Das Feuerwehrschiff kommt wohl zur Kontrolle vorbei
Auch diese Sorte von Schiffen kommt hier natürlich vorbei
Da das Wetter nicht besser werden soll, haben wir entschieden, morgen abzureisen. Es sind dann noch etwa 195 Kilometer bis in unsere Heimatstadt. Nach dem Mittagessen und einer kleinen Pause ist mir nach Bewegung. Ich schnappe mir die leeren Flaschen und gehe zum Globus Getränkemarkt. Hier tausche ich die Flaschen ein und kaufe nebenan im Markt noch ein paar Kleinigkeiten ein. Eine spezielle Straßenkarte finde ich leider nicht.
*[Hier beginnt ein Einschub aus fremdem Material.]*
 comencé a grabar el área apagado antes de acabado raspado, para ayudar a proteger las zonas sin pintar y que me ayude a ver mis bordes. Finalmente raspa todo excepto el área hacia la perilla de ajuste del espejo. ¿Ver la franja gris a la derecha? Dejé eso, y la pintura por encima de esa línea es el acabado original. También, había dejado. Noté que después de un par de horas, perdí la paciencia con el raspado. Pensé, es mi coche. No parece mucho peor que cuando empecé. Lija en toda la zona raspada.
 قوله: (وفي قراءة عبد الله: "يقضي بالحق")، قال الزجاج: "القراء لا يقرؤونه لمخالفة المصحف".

Ich gehe dann zurück zum Platz und wir trinken Kaffee und essen Kuchen, den wir ja noch von gestern haben. Ich gehe dann mit Ellie noch die ein oder andere Gassirunde und so geht der Tag langsam zur Neige.
Tag 99 - Mittwoch, 26.07.2023
Die Hundert gekommen wir nicht voll, wäre auch übertrieben!!! Heute geht es wieder in die Heimat. Das Wetter ist anfangs nicht besonders und es hat zeitweise heftig geregnet. Dann wird es aber besser und wir können im Trocknen einpacken. Wir fahren dann so gegen 11 Uhr los und nehmen die A61 für die Heimfahrt. Wir haben wohl eine gute Tageszeit erwischt, denn es ist nicht viel los. Wir kommen also gut durch und erreichen den Platz.
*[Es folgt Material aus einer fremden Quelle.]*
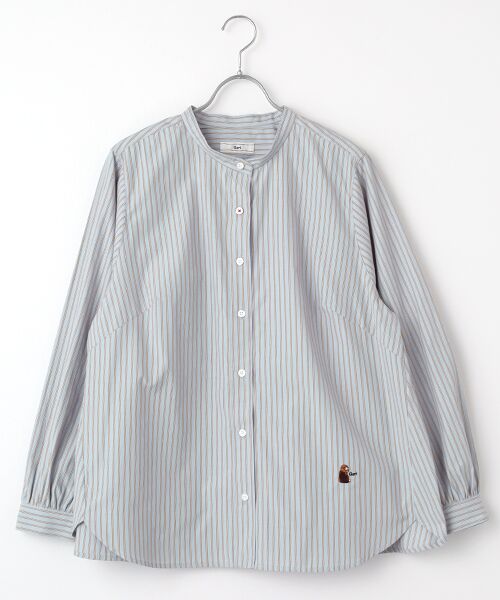 表面感もカラーも綺麗なストライプ生地を使用。少しAラインのシルエットはトラディショナルでありながらも女性らしい可愛らしさもあります。袖口内側にはトリコロールテープを付けポイントしています。左裾にはトレードマークのGuriの刺繍入り。
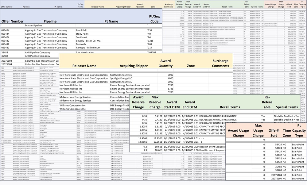 Each morning we email you a report with all the trades from the day before. The report includes Winning Bidder, Winning Bid Rate, Volume, Receipt/Delivery Point, Release Type, Start/End Data, etc.
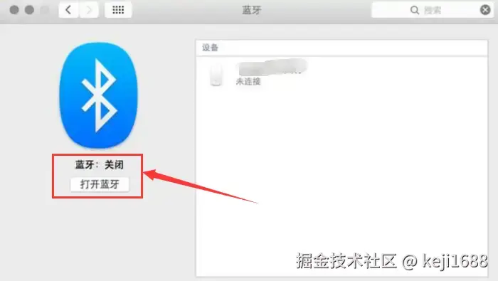 MacOS系统:点击屏幕右上角的 【蓝牙】 图标,通过 【系统偏好设置】>【蓝牙】 开启。
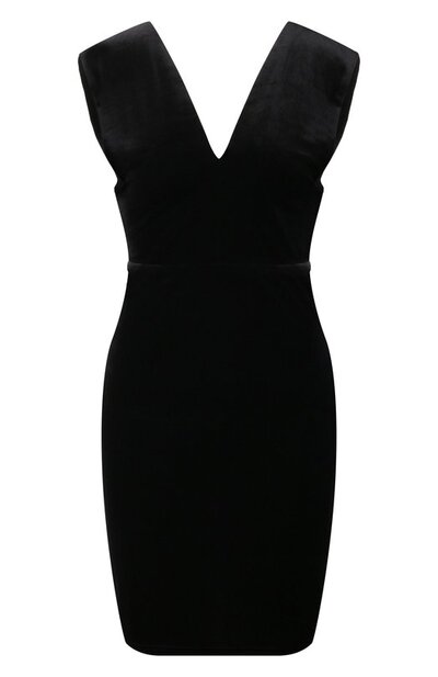 Для создания однотонного мини-платья использовали шелковистый материал с деликатным блеском. Облегающая модель с V-образными вырезами спереди и сзади станет идеальной основой вечернего образа.
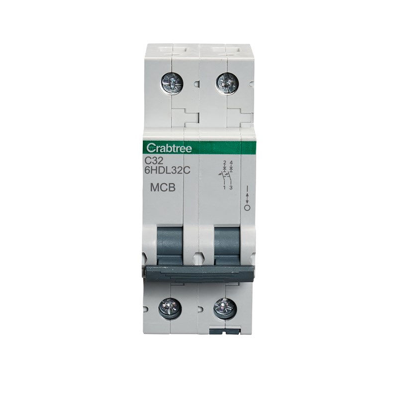 C curve trip characteristic (5-10In). Double pole MCB. 10 kA to BS EN 60898-1 (15 kA to BS EN 60947-2) @ 230 V AC. Energy limiting Class 3.
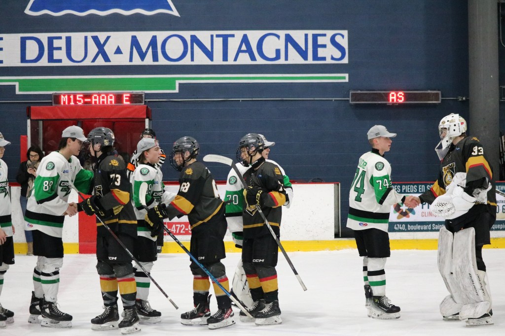 Lors de ce duel qui s’est déroulé le dimanche 20 avril 2025 à 16h00 à l’Olympia de Deux-Montagnes, les As de Québec ont pris les devants 1-0 en deuxième période. Les Cascades Élite, qui n’ont pas abandonné, sont allés chercher trois buts contre leurs adversaires en troisième période, portant la marque à 3-1 en leur faveur.

Hier stehen nicht viele Wohnmobile und wir finden einen guten Platz. Wir entdecken ein Kuriosum auf dem Platz. Hier steht ein Trecker mit einem alten Zirkuswagen. Es ist ein Paar in unserem Alter, die aus Dänemark kommen. Das ist dann wohl entschleunigtes Reisen. Wir richten uns ein und essen zu Mittag. Danach packen wir die Fahrräder vom Anhänger und ich stelle fest, dass mein Hinterrad platt ist. Ich baue das Rad aus und flicke das Loch. Dann schaffe ich dummerweise den Einbau nicht mehr.
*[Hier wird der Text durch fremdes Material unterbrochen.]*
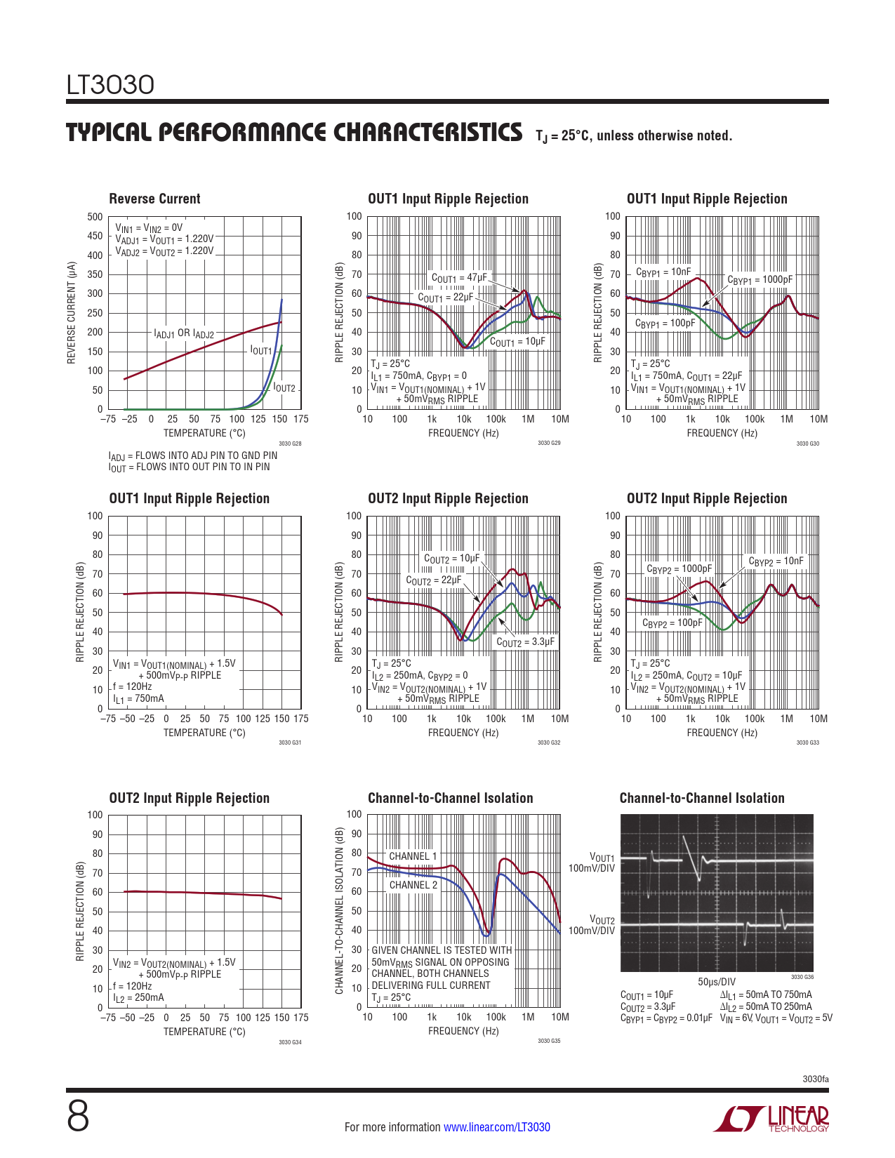 500 100 100 V 450 IN1 = VIN2 = 0V V 90 90 ADJ1 = VOUT1 = 1.220V 400 VADJ2 = VOUT2 = 1.220V 80 80 350 70 C 70 CBYP1 = 10nF OUT1 = 47µF CBYP1 = 1000pF 300 60 C 60 OUT1 = 22µF 250 50 50 CBYP1 = 100pF 200 IADJ1 OR IADJ2 40 40 COUT1 = 10µF 150 IOUT1 30 30 REVERSE CURRENT (µA) RIPPLE REJECTION (dB) T RIPPLE REJECTION (dB) T 100 20 J = 25°C J = 25°C I 20 L1 = 750mA, CBYP1 = 0 IL1 = 750mA, COUT1 = 22µF 50 IOUT2 10 VIN1 = VOUT1(NOMINAL) + 1V 10 VIN1 = VOUT1(NOMINAL) + 1V + 50mVRMS RIPPLE + 50mVRMS RIPPLE 0 0 0 –75 –25 0 25 50 75 100 125 150 175 10 100 1k 10k 100k 1M 10M 10 100 1k 10k 100k 1M 10M TEMPERATURE (°C) FREQUENCY (Hz) FREQUENCY (Hz) 3030 G28 3030 G29 3030 G30 IADJ = FLOWS INTO ADJ PIN TO GND PIN IOUT = FLOWS INTO OUT PIN TO IN PIN
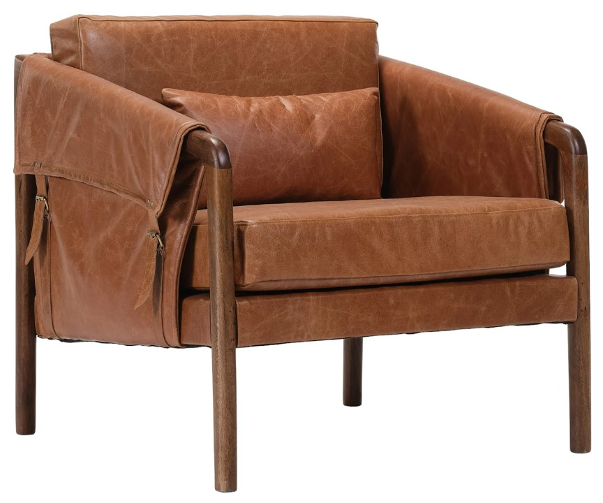 The chair from the Alexi collection boasts a timeless design that merges sophistication with comfort. The brown leather upholstery offers a luxurious feel and a rich, warm tone that complements various interior styles. Its smooth, supple texture adds an element of elegance and ensures a comfortable seating experience.Read More
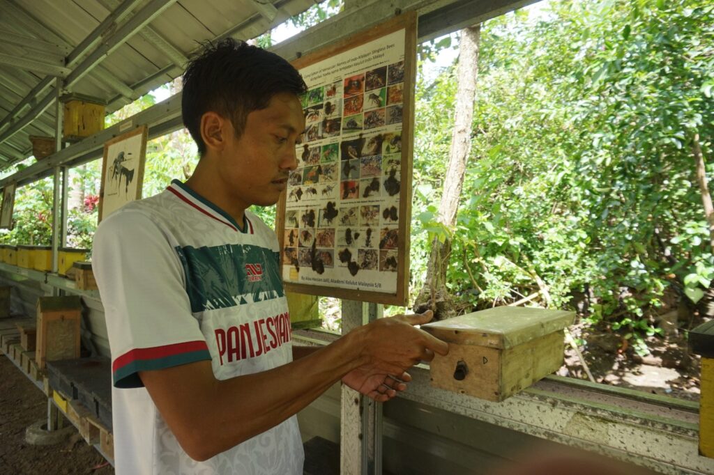 Seorang peternak lebah memeriksa kotak sarang lebah tanpa sengat di area budidaya, sebagai bagian dari perawatan dan pemantauan produksi madu yang bernilai ekonomi serta ramah lingkungan (Foto : Dok. Fazal Muhtadie)
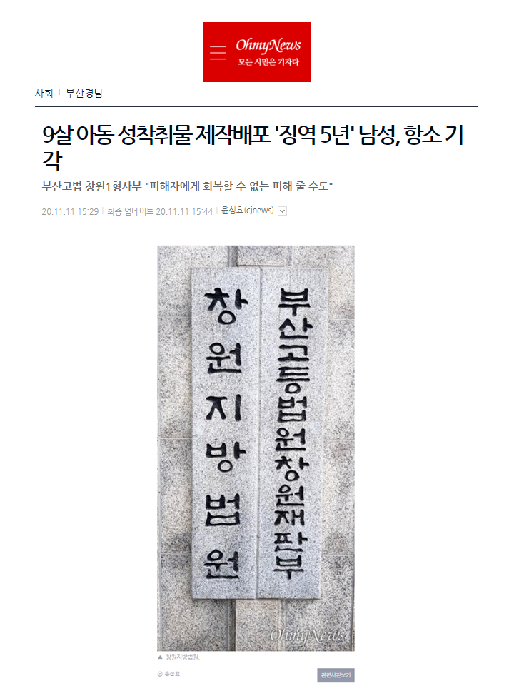 | [오마이뉴스] 9살 아동 성착취물 제작배포 '징역 5년' 남성, 항소 기각 | |
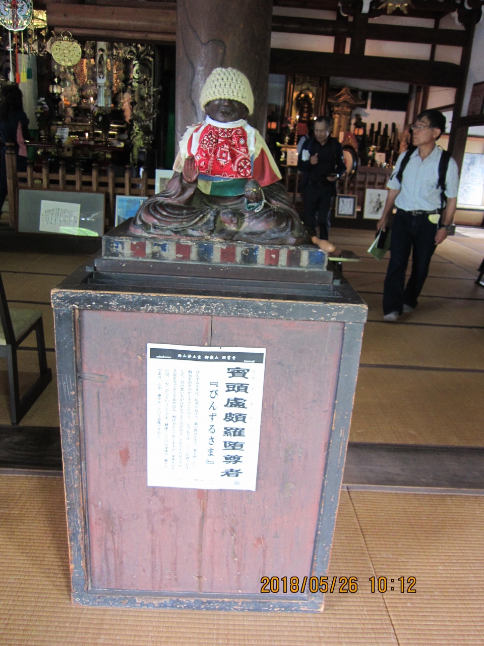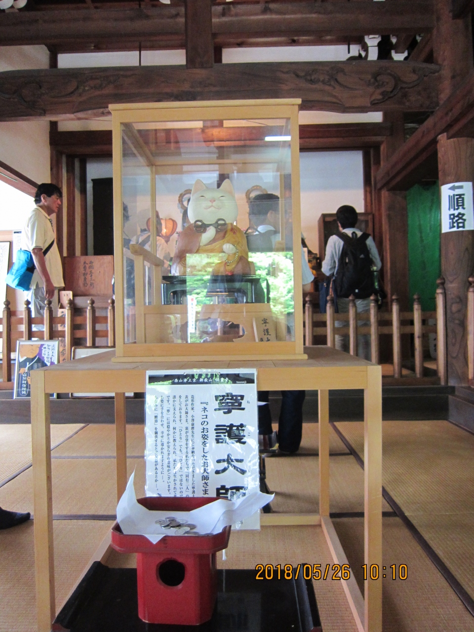 西山浄土宗のお寺です。 ご本尊は「阿弥陀如来」です。 今回は運よく本堂に祭られている「寧護大師」(ねこたいし)が公開中であり、本堂に上がり、御本尊の写真も撮ることができました。 かわいらしい帽子をかぶった、ビンズル様もおられました。
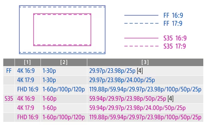4096 x 2160 (4:2:2, 10 bit) (kb.): 59,94p (600 Mbps), 29,97p (300 Mbps), 23,98p (240 Mbps), 50p (500 Mbps), 25p (250 Mbps), 24,00p (240 Mbps)
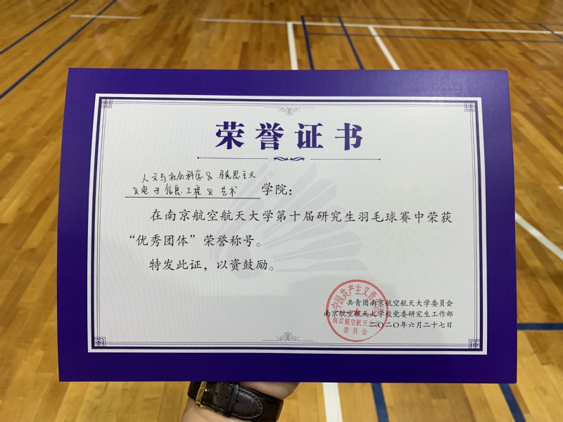 6月26日、27日,永利集团yl6809官网第十届研究生羽毛球赛在将军路校区东区体育馆举行。经过两天的角逐,永利官网与电子信息工程学院、人文与社会科学学院、艺术学院联合组成的参赛队伍成功进入8强,在比赛中荣获“优秀团队”称号。
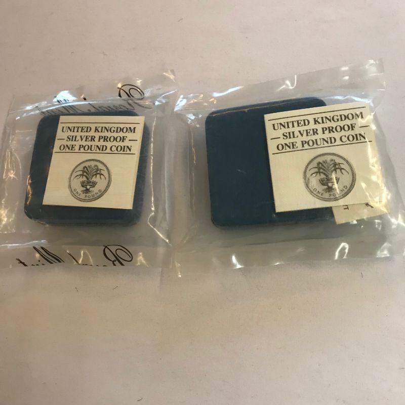 Two UK Silver Proof One Pound Coins. Still in plastic.

Wer sei Fahrrad liebt, der schiebt. Ich bringe es zum nächsten Fahrradhändler, der das in fünf Minuten wieder richtet. Jetzt klappt wieder alles und ich radele zurück. Der Abend naht und so endet unsere Reise. Aber die Planungen laufen schon für den Herbst. Was zwischendurch noch so passiert, wissen wir noch nicht.